┌─ Input

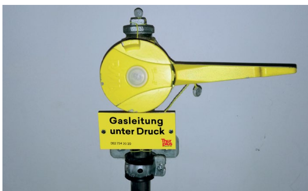
Verzapfte Hausanschlussleitung im Haus

Der Gasanschluss wird unmittelbar beim Gebäudeeintritt nach dem Haupt- absperrventil verzapft und mit einem Warnhinweis versehen. In regelmässigen Abständen überprüft Thurplus die Verzapfung, um Sicherheitsmängel rechtzeitig zu erkennen.
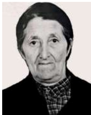
Зи баде Гъуланбиги
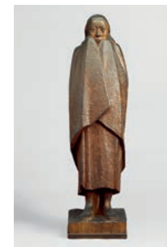
Frierendes Mädchen / Freezing Girl, 1917
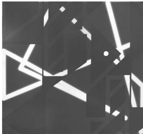
Glasnotation. M. 2016, Glasmalerei, 63 x 68 cm
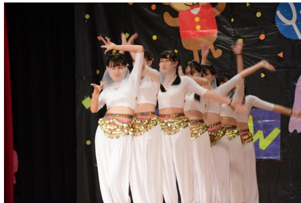
才藝競賽，展現自我
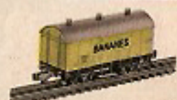
00244 Güterwagen „Bananes“ 5,50
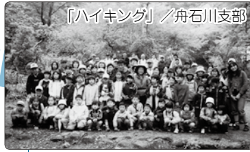
「ハイキング」 / 舟石川支部
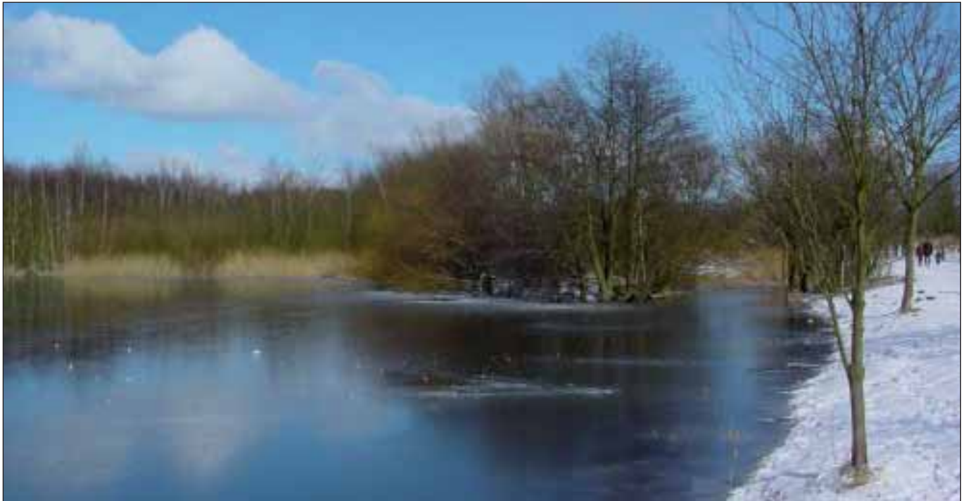
Glinde Au speist die Ökokraft der Bille

Verschiedene Vorgänge um die Beseitigung und Neugestaltung von Grünflächen in Hamburg-Mitte berühren auch einige grundsätzliche Fragen zur Stadtentwicklung im Rahmen der »Wachsenden Stadt«. Städtische Grünflächen, die im Bezirk Mitte etwa 600 ha mit 400 ha reinen Parkanlagen einnehmen, erfüllen wichtige ökologische und soziale Funktionen.
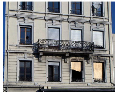
Elévation antérieure, détail IVR82_20116904923NUCA
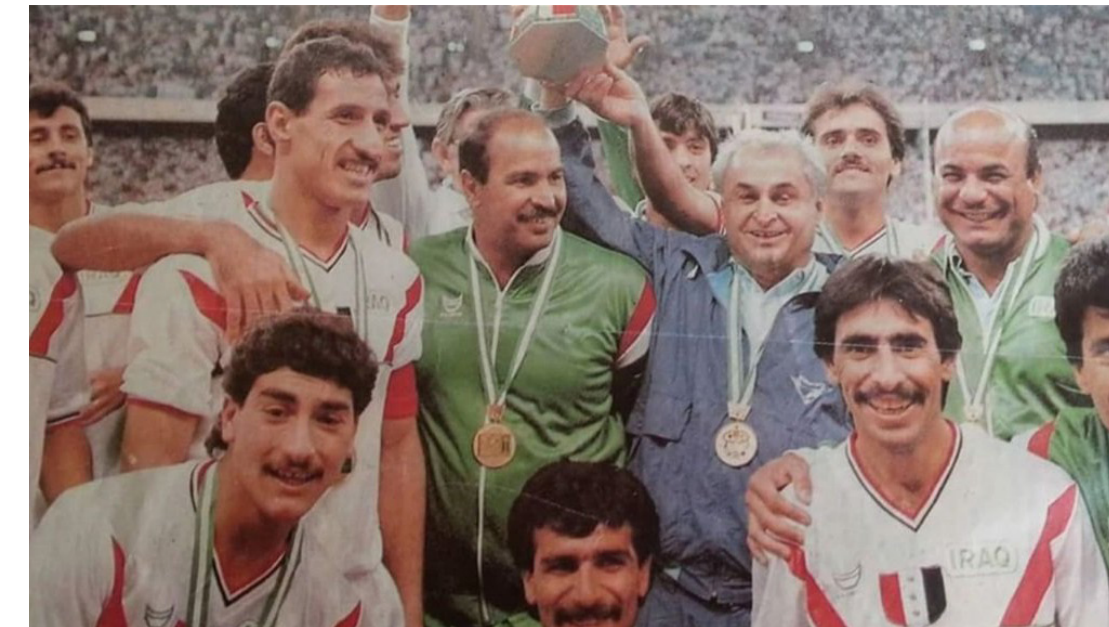
عمو بابا وجنود المنتخب يحتفلون بإنجاز سابق

ولفت الموقع إلى انه «بحسب لعمو بابا كلاعب أنه أول من يسجل هدفا للمنتخب العراقي الأولي وكان ذلك في شبابك منتخب لبنان الأولي ضمن التصفيات المؤهلة لدورة الألعاب الأولمبية في روما عام 1960. لتجربة الإصابة على ترك ميادين كرة القدم عام 1966 بعد أن مثل خلال مسيرته صفوف فريق القوة الجوية وأمانة بغداد».

└─

- **Work instructions**
Leave out the pictures, and please output only the lines from the line that contains "Зи баде Гъуланбиги" through the end of the data, both ends included.

- **Task output**
Зи баде Гъуланбиги
Frierendes Mädchen / Freezing Girl, 1917
Glasnotation. M. 2016, Glasmalerei, 63 x 68 cm
才藝競賽，展現自我
00244 Güterwagen „Bananes“ 5,50
「ハイキング」 / 舟石川支部
Glinde Au speist die Ökokraft der Bille

Verschiedene Vorgänge um die Beseitigung und Neugestaltung von Grünflächen in Hamburg-Mitte berühren auch einige grundsätzliche Fragen zur Stadtentwicklung im Rahmen der »Wachsenden Stadt«. Städtische Grünflächen, die im Bezirk Mitte etwa 600 ha mit 400 ha reinen Parkanlagen einnehmen, erfüllen wichtige ökologische und soziale Funktionen.
Elévation antérieure, détail IVR82_20116904923NUCA
عمو بابا وجنود المنتخب يحتفلون بإنجاز سابق

ولفت الموقع إلى انه «بحسب لعمو بابا كلاعب أنه أول من يسجل هدفا للمنتخب العراقي الأولي وكان ذلك في شبابك منتخب لبنان الأولي ضمن التصفيات المؤهلة لدورة الألعاب الأولمبية في روما عام 1960. لتجربة الإصابة على ترك ميادين كرة القدم عام 1966 بعد أن مثل خلال مسيرته صفوف فريق القوة الجوية وأمانة بغداد».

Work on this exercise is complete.